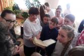 14 марта – День православной книги, поэтому важной частью мероприятия стала выставка книг на церковно-славянском языке. Ребята смогли полистать уникальные фолианты, рассмотреть начертания букв, увидеть знакомые слова в их «старинных одеждах». А ещё попробовали сами изображать старинные буквицы.
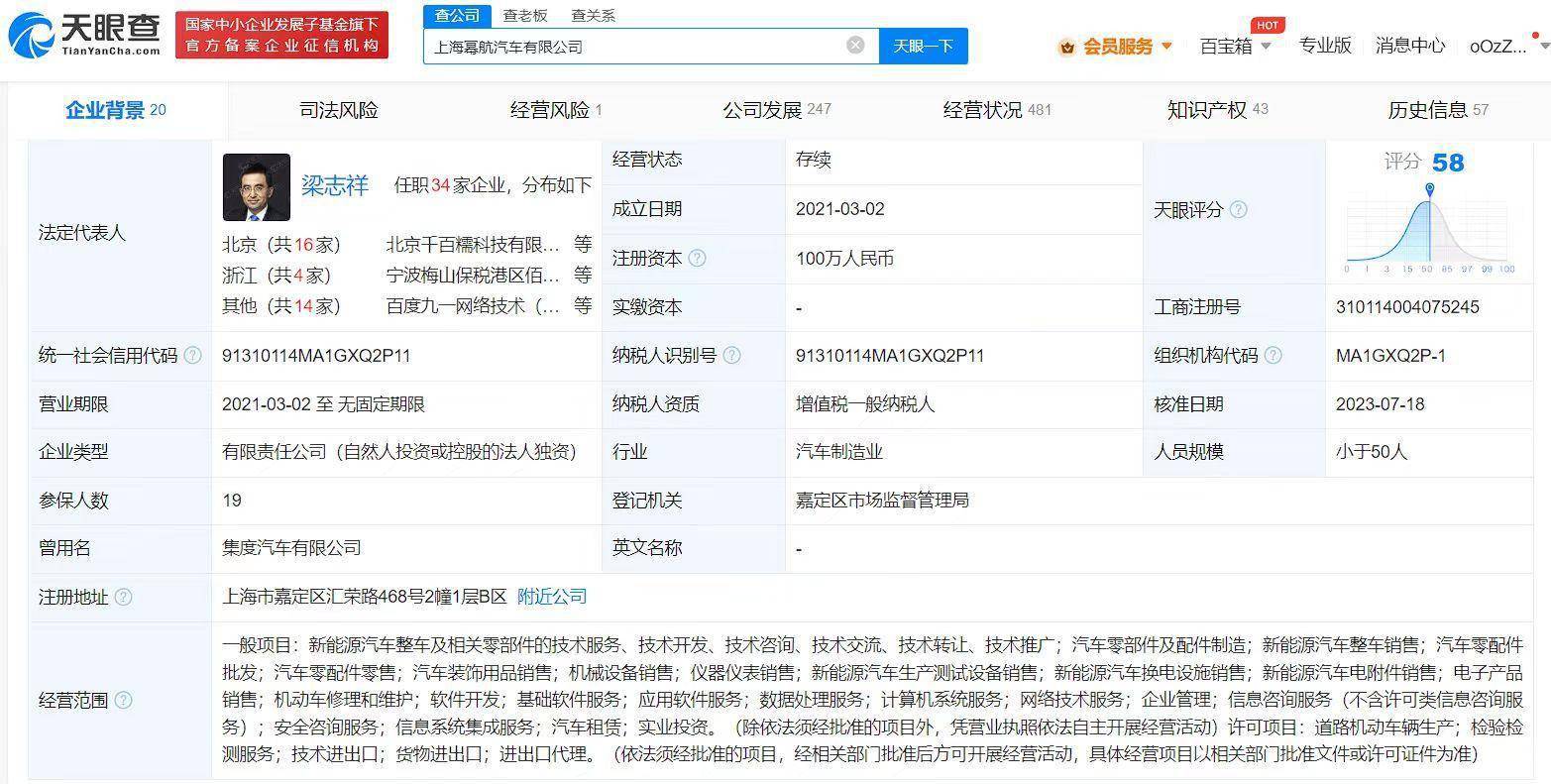 去年12月,该公司由集度汽车有限公司改为现名,引发舆论关注。对此,集度方面回应称,集度的主体叫上海集度汽车有限公司,“这个公司(上海幂航汽车有限公司)目前跟集度没啥关系”。业内猜测,可能是集度汽车在变更公司主体。
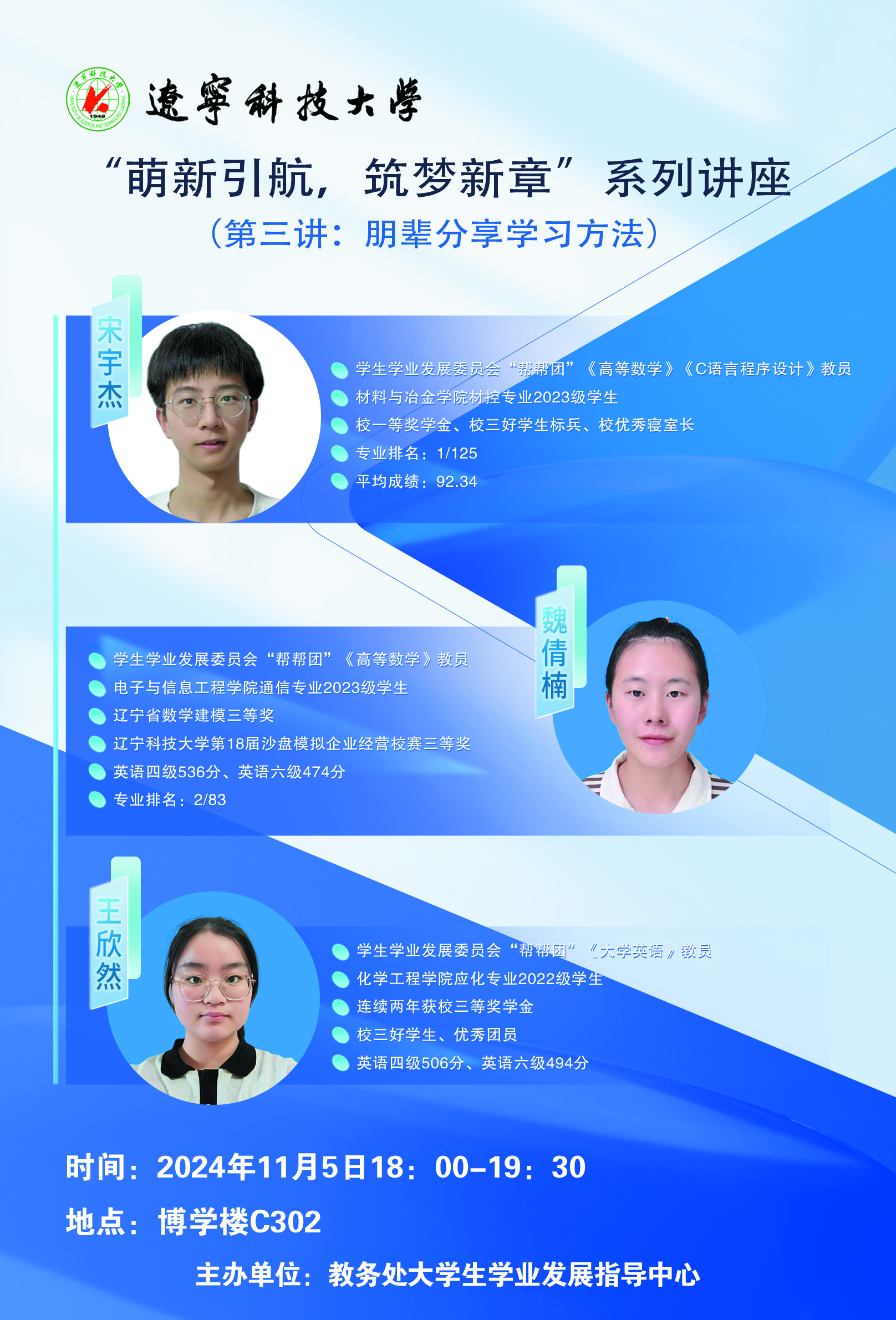 11月5日,教务处大学生学业发展指导中心面向2024级新生举办的“萌新引航,筑梦新章”系列讲座第三讲在博学楼C302教室开讲。时博足球_时博(中国)学生学业发展委员会“帮帮团”教员魏倩楠、王欣然、宋宇杰为学校300余名新生作《朋辈分享学习方法》专题讲座。
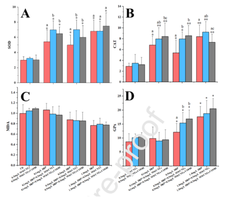 圖4. 不同濃度DBP染毒及與MWCNTs/MWCNTs-COOH共染毒144hpf后,斑馬魚(yú)胚胎/幼魚(yú)氧化應(yīng)激相關(guān)基因的mRNA相對(duì)表達(dá)量。
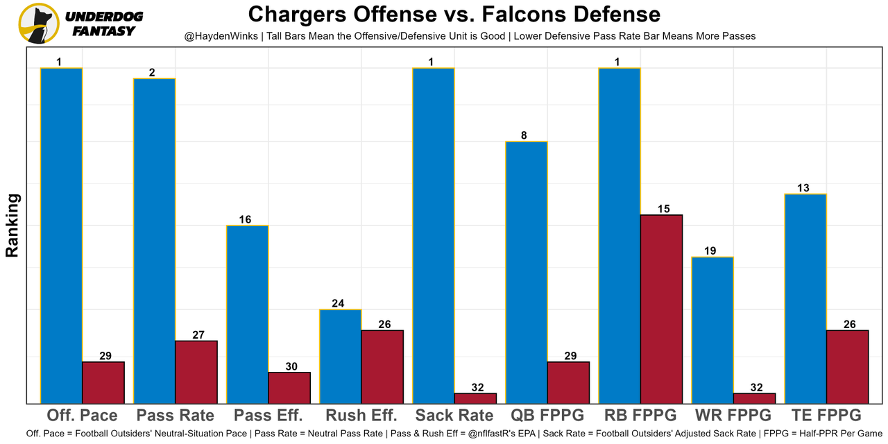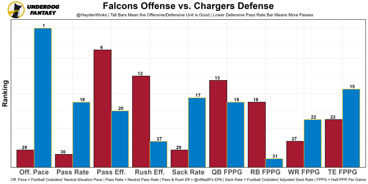 This assumes Mike Williams and Keenan Allen are out. At least, the Falcons are on schedule.
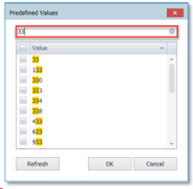 • The Refresh button which can be used to refresh the predefined list of values if they are obtained through Get values from the column or Get values from the SQL script options.
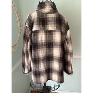 Miss Selfie Plaid Shacket Jacket Button Up Front Size Large Brown
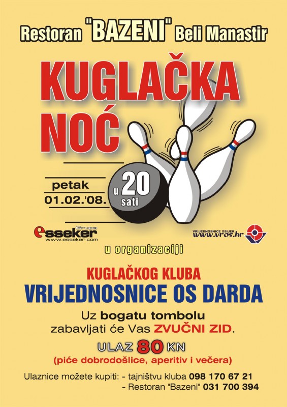 KK Vrijednosnice OS Darda organiziraju kuglaÄku zabavu, u petak, 1. veljaÄe 2008. godine, u Belom Manastiru.
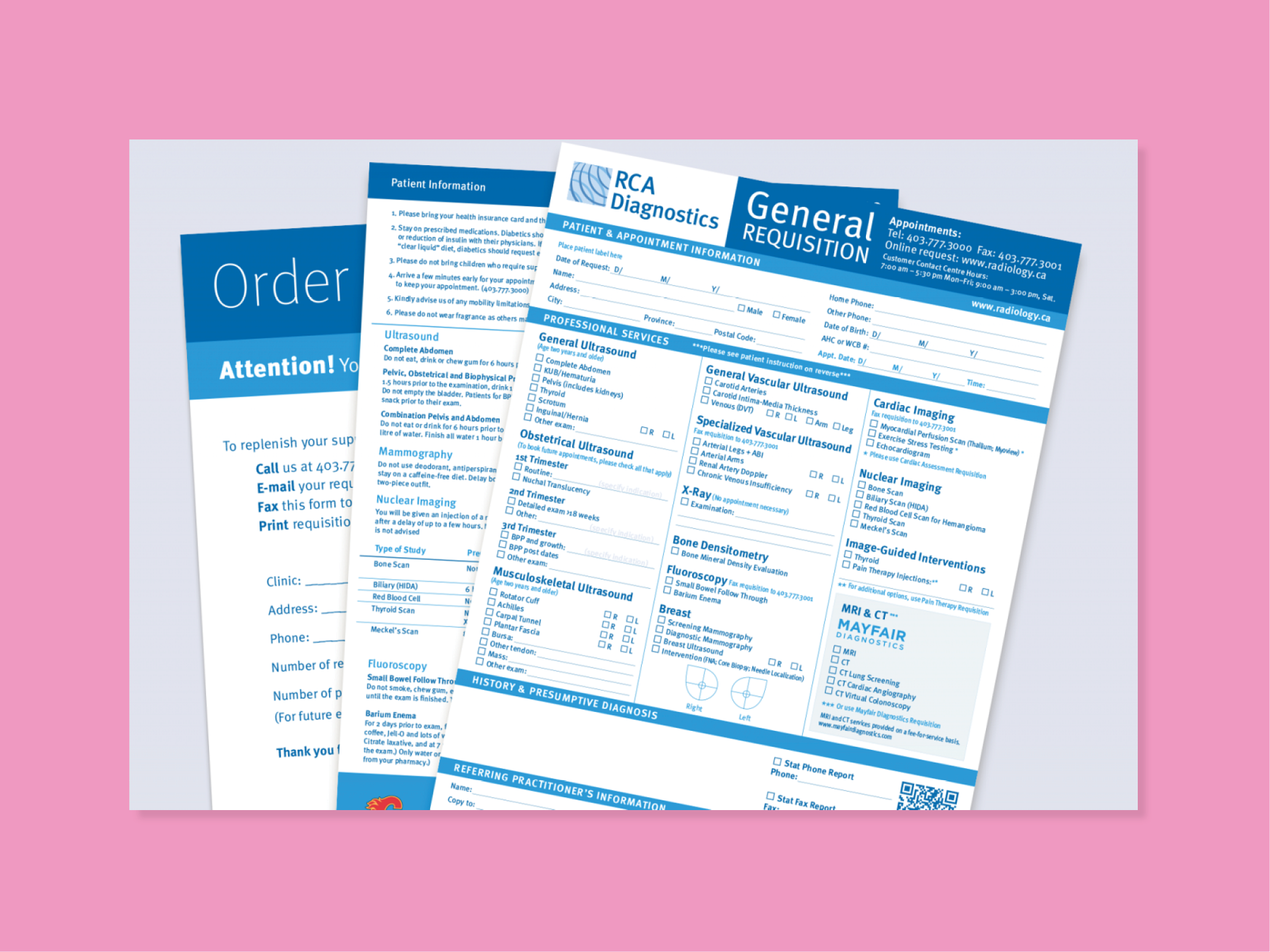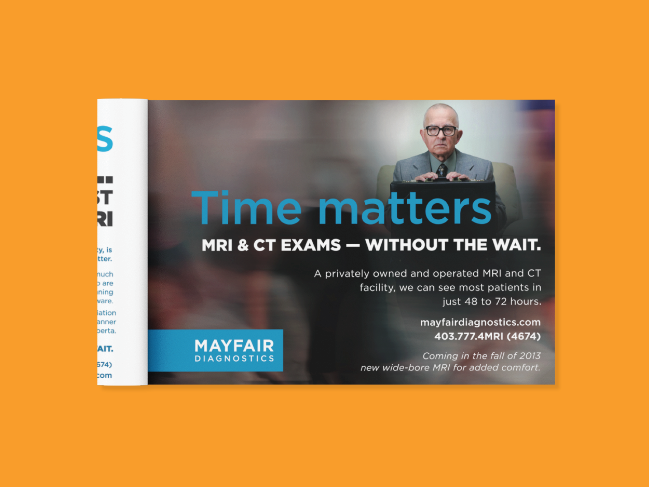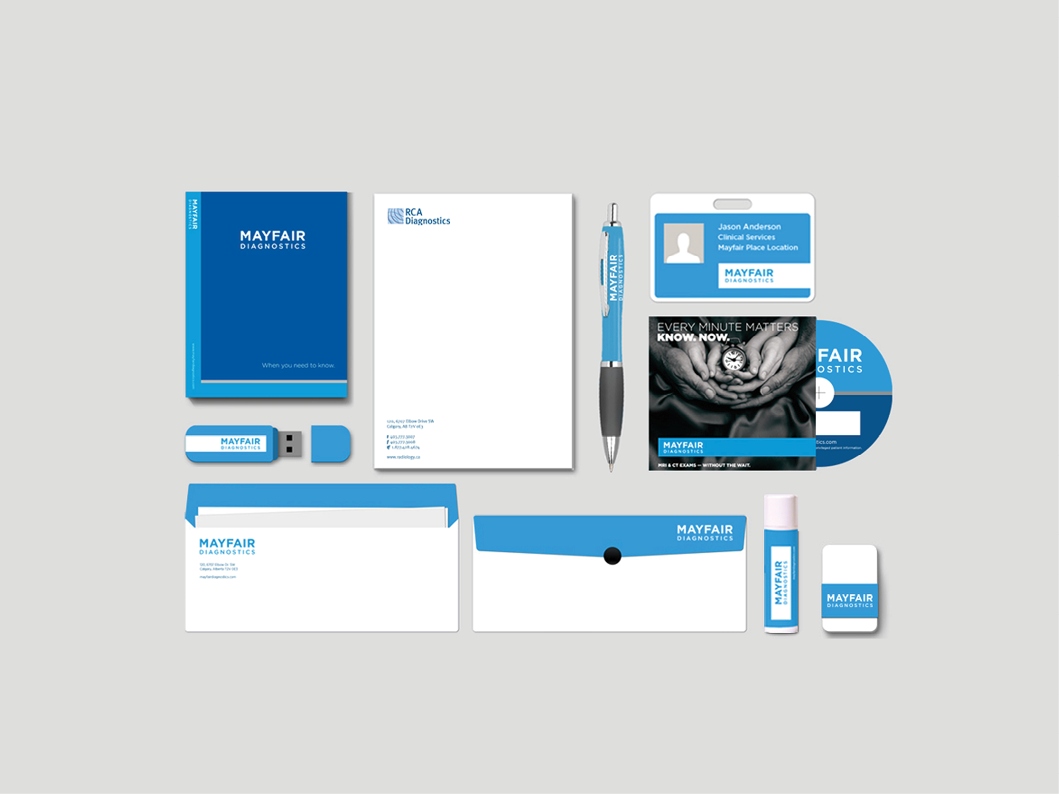 Rebranded Mayfair Diagnostics — art direction / concept development, designed brand identity and visual guidelines, brand management, developed advertising campaigns, logo design, stationary design, sourced and coordinated external and internal suppliers and vendors.
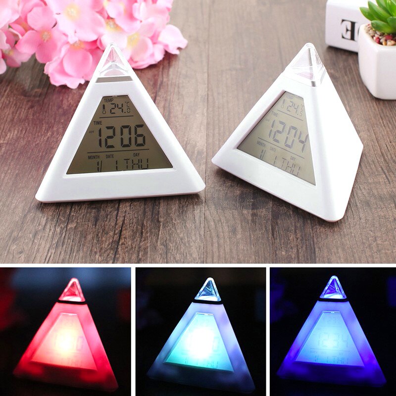 Odstartujte svůj den s elegancí: Světelný budík pyramida měnící barvy
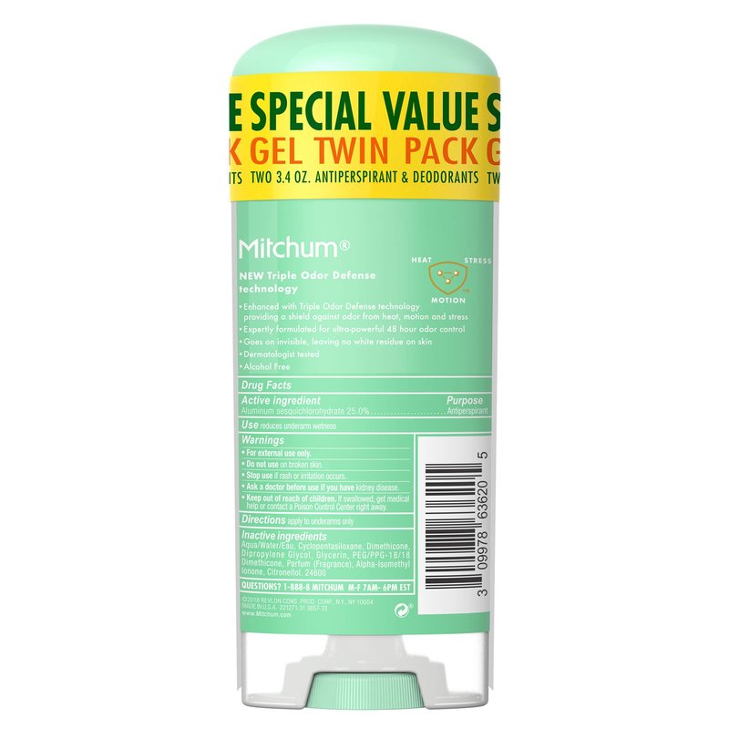 Mitchum Women's Deodorant, Gifts for Women, Stocking Stuffers, Antiperspirant Stick, Triple Odor Defense Gel, 48 Hr Protection, Shower Fresh, 3.4 Oz (Pack of 2)
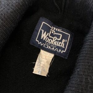Vintage The Woolrich Woman blue heathered black bomber style coat. Beautiful chunky wool texture in the black and blue weave. Asymmetrical front panel with black buttons up the front. Ribbed black curved collar. Buttons at the sleeves. Black lining.
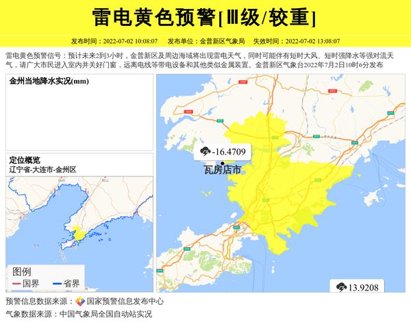 雷电黄色预警信号:预计未来2到3小时,金普新区及周边海域将出现雷电天气,同时可能伴有短时大风、短时强降水等强对流天气,请广大市民进入室内并关好门窗,远离电线等带电设备和其他类似金属装置。金普新区气象台2022年7月2日10时6分发布 信息来源:国家预警信息发布中心; 发布单位:金普新区气象局。
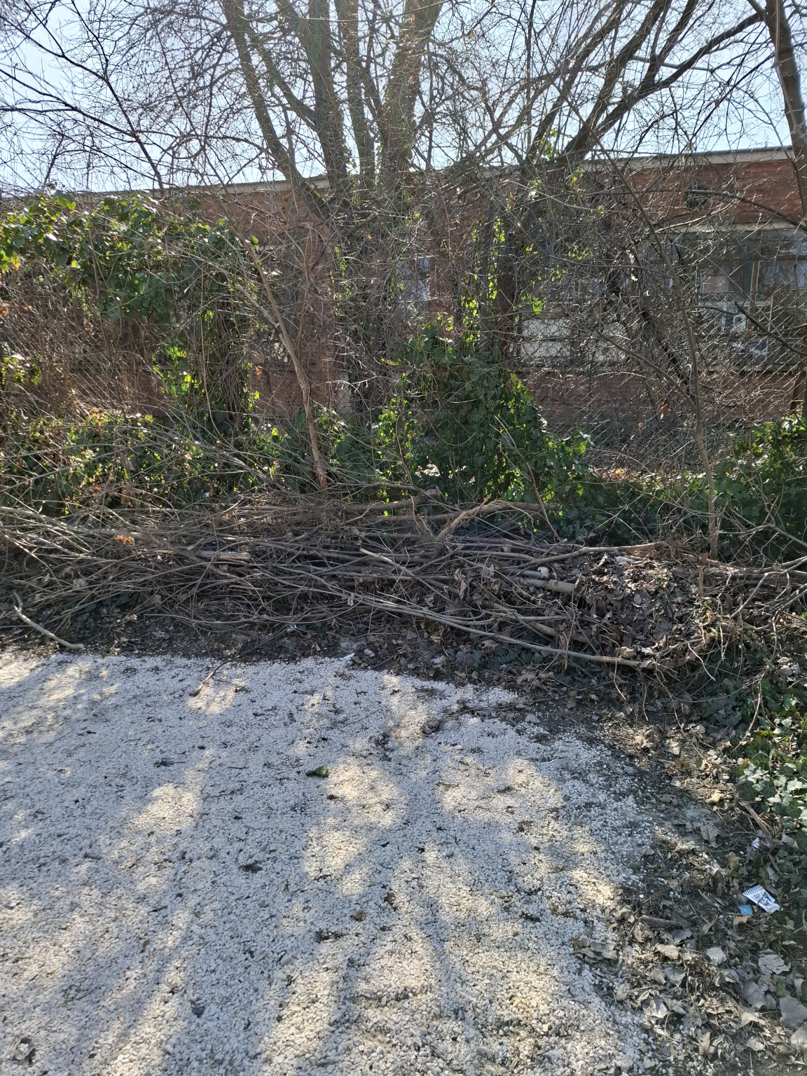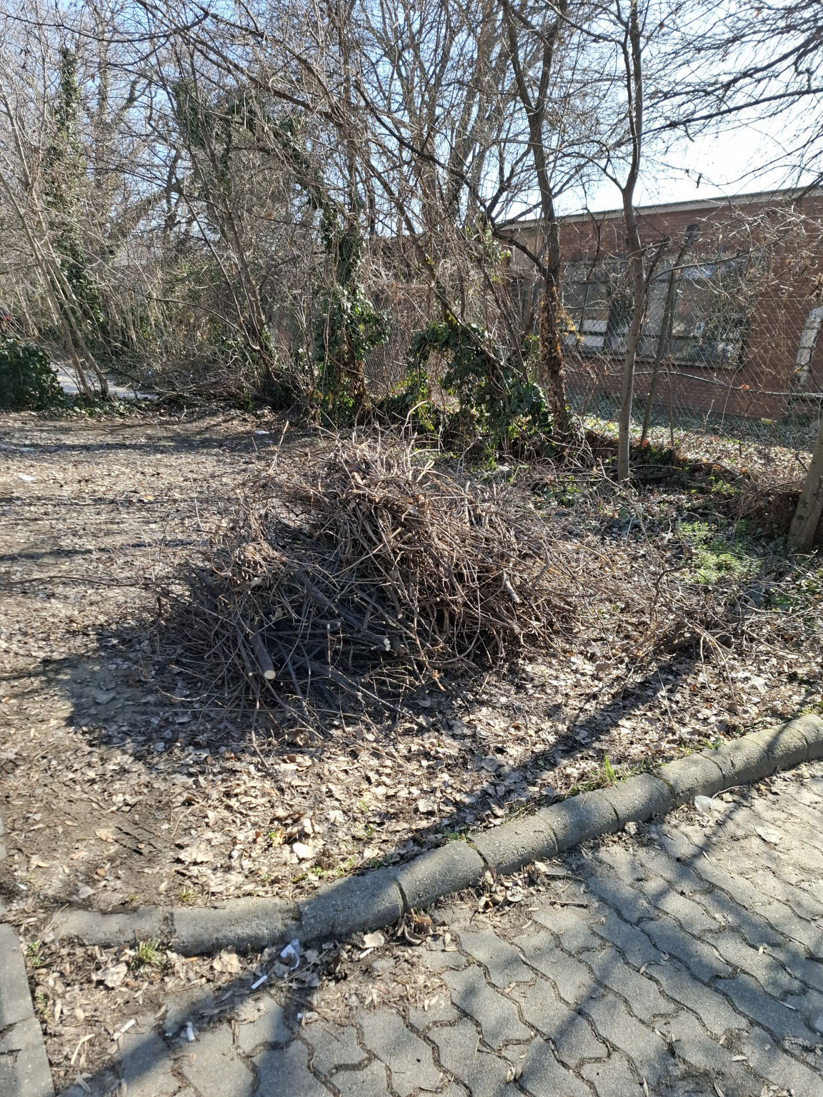 A Major utcában a parkoló környékén sok lemettszett faág hever szanaszét. Vélhetően akkor metszették meg a növényzetet, amikor a parkolót térkövezték.

TASK DETAILS:
Verbatim repeat, images removed: give each entry again exactly as it reads.

ANSWER BOX:
 14 марта – День православной книги, поэтому важной частью мероприятия стала выставка книг на церковно-славянском языке. Ребята смогли полистать уникальные фолианты, рассмотреть начертания букв, увидеть знакомые слова в их «старинных одеждах». А ещё попробовали сами изображать старинные буквицы.
 去年12月,该公司由集度汽车有限公司改为现名,引发舆论关注。对此,集度方面回应称,集度的主体叫上海集度汽车有限公司,“这个公司(上海幂航汽车有限公司)目前跟集度没啥关系”。业内猜测,可能是集度汽车在变更公司主体。
 11月5日,教务处大学生学业发展指导中心面向2024级新生举办的“萌新引航,筑梦新章”系列讲座第三讲在博学楼C302教室开讲。时博足球_时博(中国)学生学业发展委员会“帮帮团”教员魏倩楠、王欣然、宋宇杰为学校300余名新生作《朋辈分享学习方法》专题讲座。
 圖4. 不同濃度DBP染毒及與MWCNTs/MWCNTs-COOH共染毒144hpf后,斑馬魚(yú)胚胎/幼魚(yú)氧化應(yīng)激相關(guān)基因的mRNA相對(duì)表達(dá)量。
 This assumes Mike Williams and Keenan Allen are out. At least, the Falcons are on schedule.
 • The Refresh button which can be used to refresh the predefined list of values if they are obtained through Get values from the column or Get values from the SQL script options.
 Miss Selfie Plaid Shacket Jacket Button Up Front Size Large Brown
 KK Vrijednosnice OS Darda organiziraju kuglaÄku zabavu, u petak, 1. veljaÄe 2008. godine, u Belom Manastiru.
 Rebranded Mayfair Diagnostics — art direction / concept development, designed brand identity and visual guidelines, brand management, developed advertising campaigns, logo design, stationary design, sourced and coordinated external and internal suppliers and vendors.
 Odstartujte svůj den s elegancí: Světelný budík pyramida měnící barvy
 Mitchum Women's Deodorant, Gifts for Women, Stocking Stuffers, Antiperspirant Stick, Triple Odor Defense Gel, 48 Hr Protection, Shower Fresh, 3.4 Oz (Pack of 2)
Vintage The Woolrich Woman blue heathered black bomber style coat. Beautiful chunky wool texture in the black and blue weave. Asymmetrical front panel with black buttons up the front. Ribbed black curved collar. Buttons at the sleeves. Black lining.
 雷电黄色预警信号:预计未来2到3小时,金普新区及周边海域将出现雷电天气,同时可能伴有短时大风、短时强降水等强对流天气,请广大市民进入室内并关好门窗,远离电线等带电设备和其他类似金属装置。金普新区气象台2022年7月2日10时6分发布 信息来源:国家预警信息发布中心; 发布单位:金普新区气象局。
 A Major utcában a parkoló környékén sok lemettszett faág hever szanaszét. Vélhetően akkor metszették meg a növényzetet, amikor a parkolót térkövezték.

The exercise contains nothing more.